Ari sintió que su respiración se cortaba al levantar la mirada y encontrarse con sus ojos—. ¿Un poco narcisista, no?
—¿Lo soy? —preguntó él justo cuando introdujo un dedo dentro de ella, y un gemido sin vergüenza escapó de los labios de Ari—. ¡Ah!
Con sus intensos ojos clavados en ella, raspó la punta de su dedo dentro de ella mientras lo empujaba más adentro.
—¡Ah! ¡Nicolai! —Ari gritó, ya fuera de placer o de dolor, cuando él añadió otro dedo. Sus dedos comenzaron a estirarla por dentro mientras los empujaban tan lejos como podía.
Pero eso no era lo que estaba volviendo loca a Ari. Era esa mirada en los ojos de Nicolai, como si no pudiera tener suficiente de ella. Como si ella fuera la misma existencia que lo mantenía en la tierra, incluso si era temporal… Ari disfrutaba la sensación de ser el hogar de alguien.
Sus ardientes ojos rojos permanecían fijos en sus brillantes ojos azules mientras bombeaba sus dedos dentro de ella. Sus piernas temblaron mientras él seguía aumentando el ritmo.
—Eso es. Revela tus deseos retorcidos para que yo los vea, haz de mí un desastre, Pallas —gruñó mientras deslizaba su otra mano por el costado de su cintura, subía por su pecho y enrollaba sus dedos alrededor de su cuello.
Ari sintió que sus ojos se revolvían en la nuca, mientras su espalda se arqueaba alejándose de la cama. Giró la cabeza de izquierda a derecha mientras apretaba las sábanas debajo de ella con sus dedos.
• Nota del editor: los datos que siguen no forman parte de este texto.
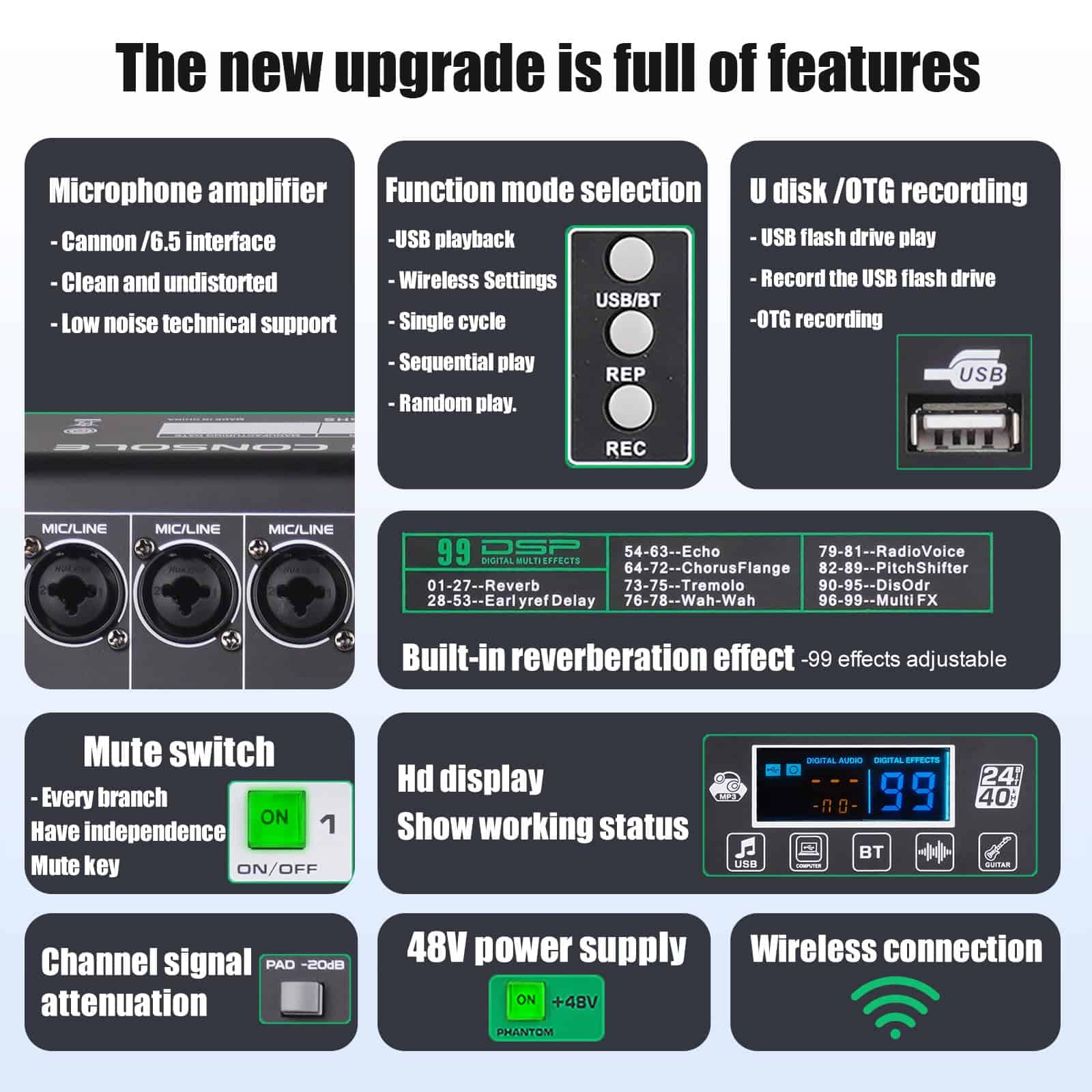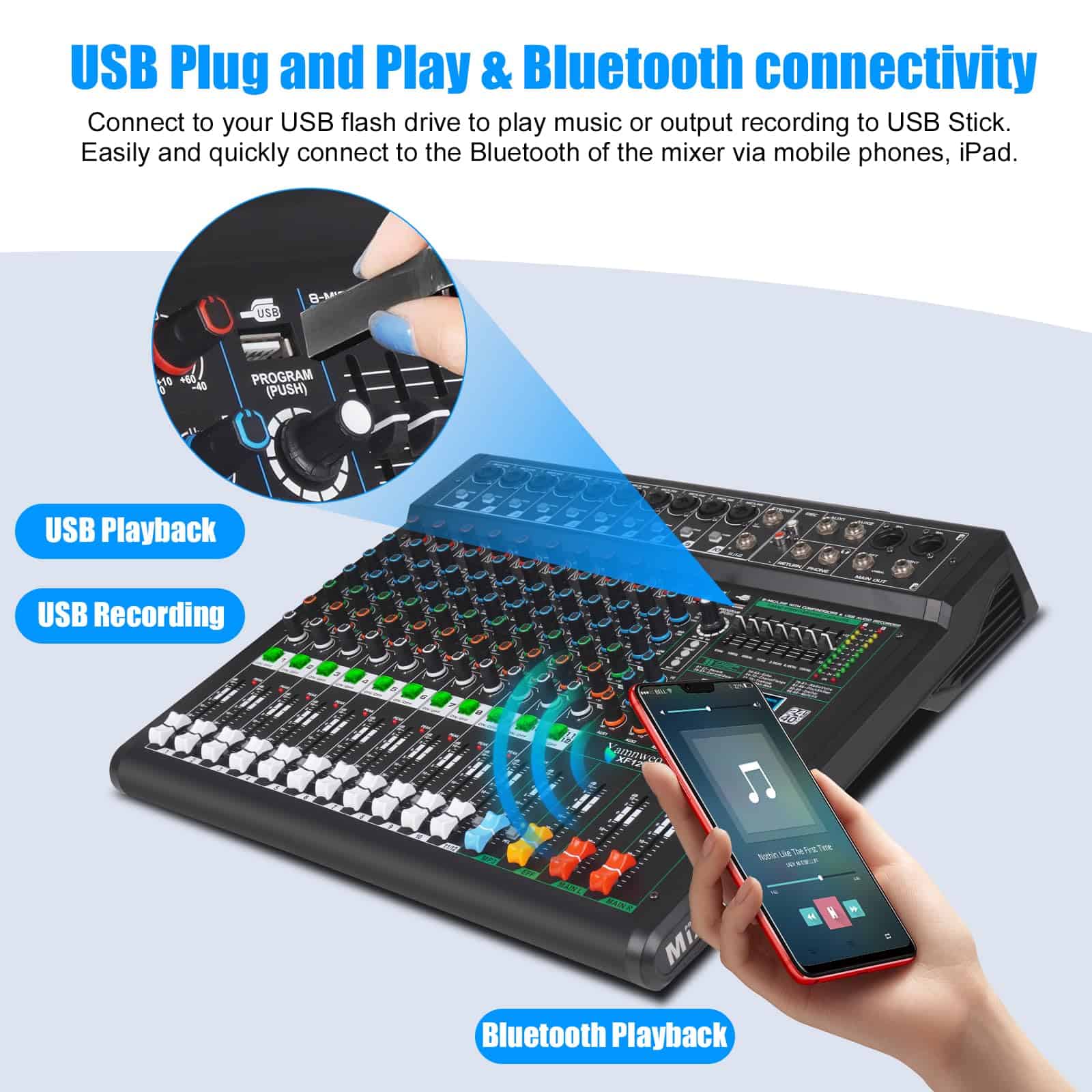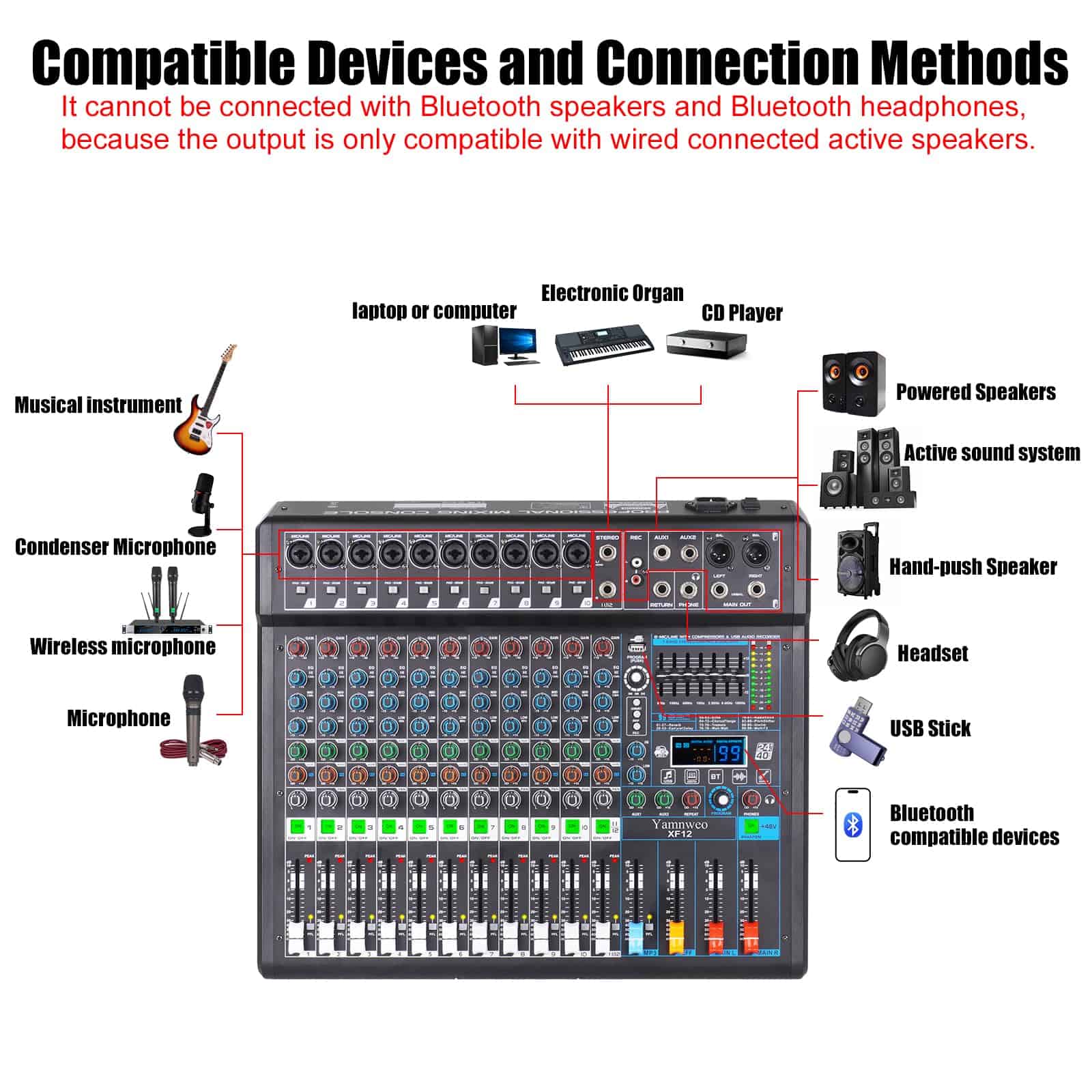 Mezclador de Audio Profesional Yamnweo XF12 Consola de
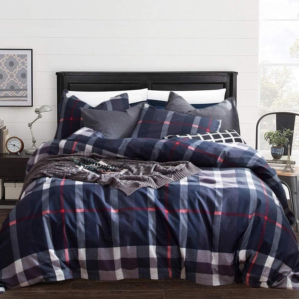 Navy Plaid Bedding Set (3PCs): 1 Comforter(90″ x 90″), 2 pillow shams(20″ x 26″).
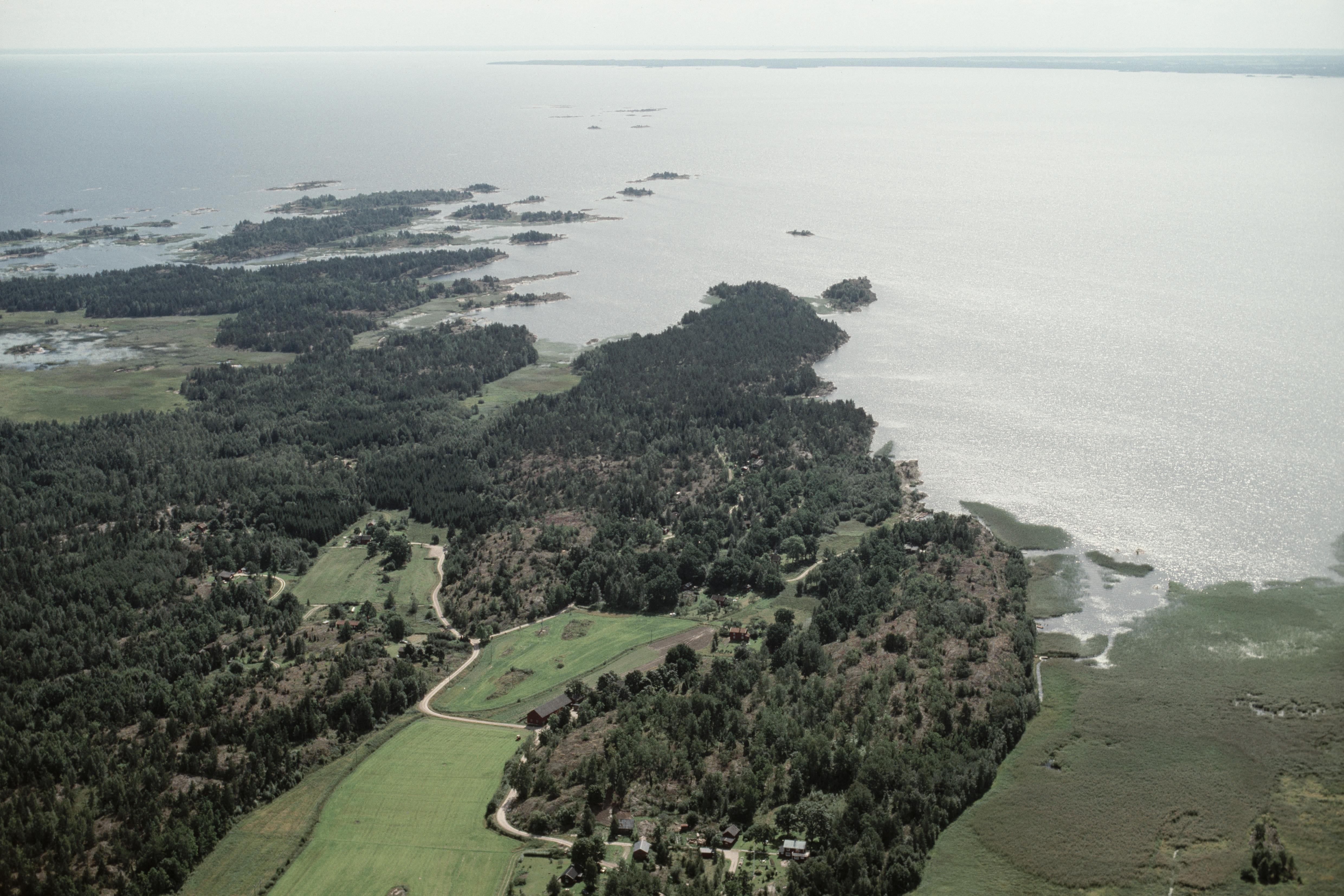 Beskrivning: Anmärkning (övrig): Riksintresse-nr/namn: P1 - Yttre Bodane. Socken: Ånimskog. Motivering: A. Fornlämningsmiljö med bl a ett stort antal spridda bronsåldersrösen, som genom sina lägen i ett bergigt skärgårdsavsnitt intill forntida vattenvägar på Vänerns i stort sett oförändrade vattennivå, har ett ovanligt högt pedagogisk värde. - B. Sjö- och kommunikationshistorisk intressant fyrplatsmiljö. (Kommunikationsmiljö). - Uttryck för riksintresset: A. 26 rösen, 2 stensättningar, 1 hällkista i röse. - B. Gåsöns fyr och fyrvaktarboställe, i drift från 1860 till 1940. [Texten uppdaterat av Riksantikvarieämbetet våren 2013.] Beskrivning: Sjön Vänern, västra delen, söder om byn Ånimskog. Vid bildens mitt Ekekullen med hällristning RAÄnr Ånimskog 34:1 vid Yttre Bodane gård. Bilden är tagen mot (väderstreck): SO Fotosyfte: Flygbildsdokumentation
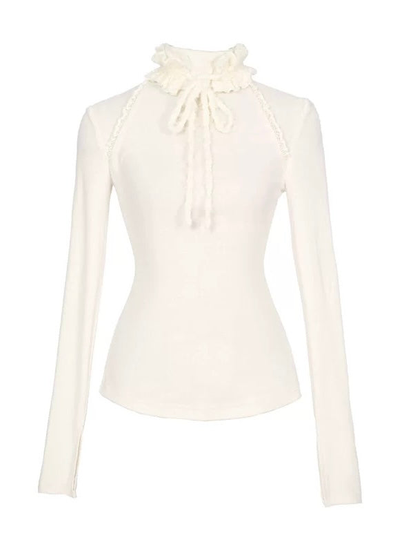 A soft knit base top paired with a fuzzy ribbon collar designed for the Winter Gala season. The top features a slim fit, cozy silhouette crafted from warm textured rib-knit, offering gentle stretch and comfort suitable for daily wear or elegant winter styling.
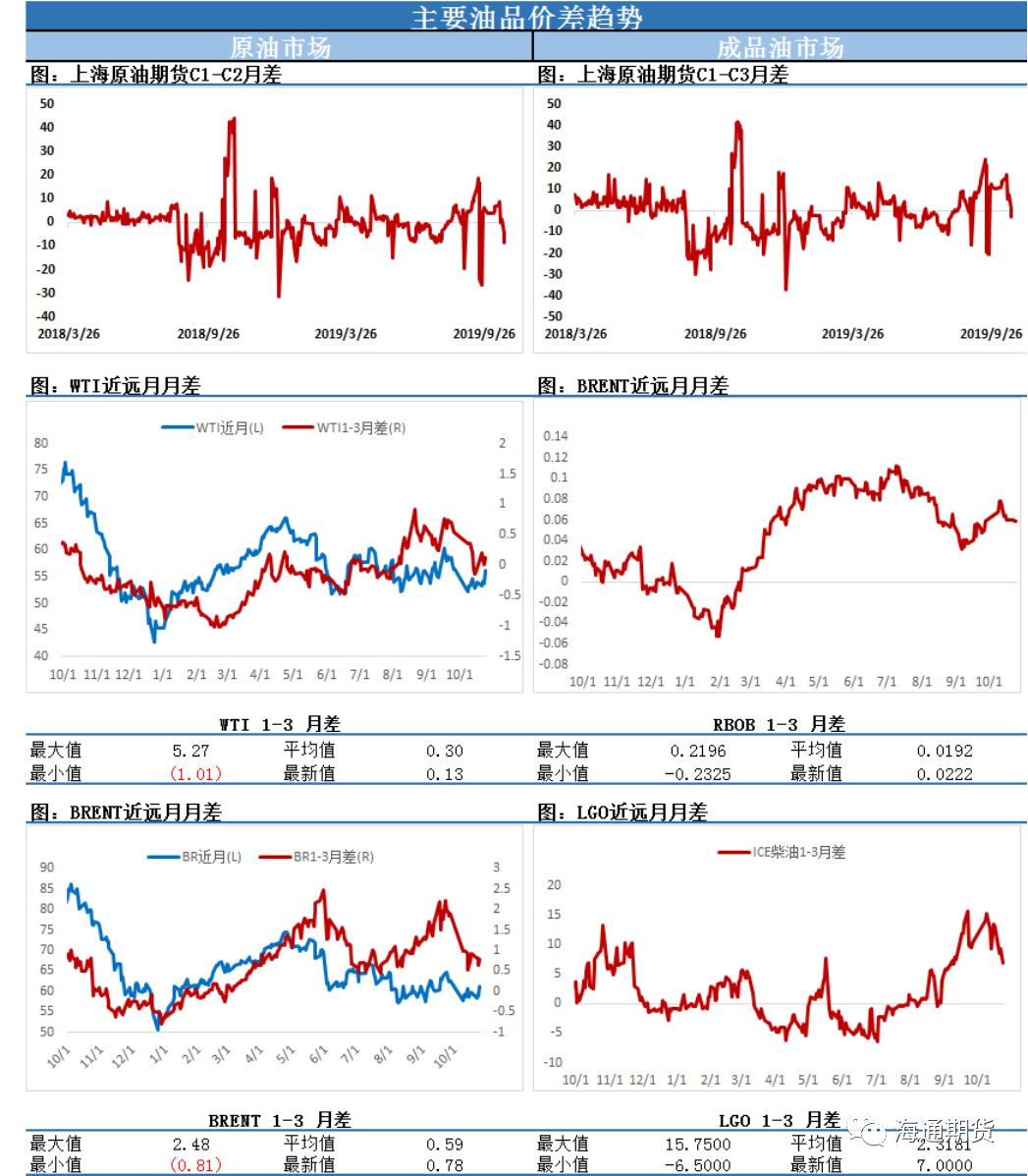 【1】WTI 12月原油期货收涨0.19美元,涨幅0.34%,报56.07美元/桶;布伦特12月原油期货收涨0.25美元,涨幅0.41%,报61.42美元/桶;INE原油期货主力合约SC1912夜盘收涨1.77%,报453.5元/桶。

Respiraciones entrecortadas salían de sus labios mientras un hilo ligero de saliva goteaba por su garganta desde la esquina de sus labios.
—Nico—Nicolai—oh Dios mío—oh Dios mío… —jadeó mientras él comenzaba a golpear con sus dedos su dulce punto.
—Mhmm, me gusta bastante la idea de ser tu Dios, Pallas —tarareó contra su garganta mientras se inclinaba y lamía el largo de su cuello antes de reclamar sus labios—. Usa tus manos… —murmuró contra sus labios—. Prepara mi longitud y déjala lista para poseerte.
Ari se estremeció al extender la mano y tomar su longitud en la suya. Era demasiado grueso, pero aún así logró envolver sus dedos alrededor de su longitud, solo para jugar con él, le dio una lenta y deliberada bomba.
Como represalia, él mordisqueó su labio inferior.
—Jodida tentadora —gruñó mientras Ari comenzaba a bombearlo más duro y rápido.
Sus gruñidos animales se hicieron más pesados mientras enterraba su rostro en su cuello. Eran como sinfonías de lujuria mientras Ari perdía el control al aumentar su ritmo, queriendo entregar la misma intensidad de placer que el hombre le estaba dando.
—J—Jodidamente… Princesa… me vas a hacer venir… si sigues así.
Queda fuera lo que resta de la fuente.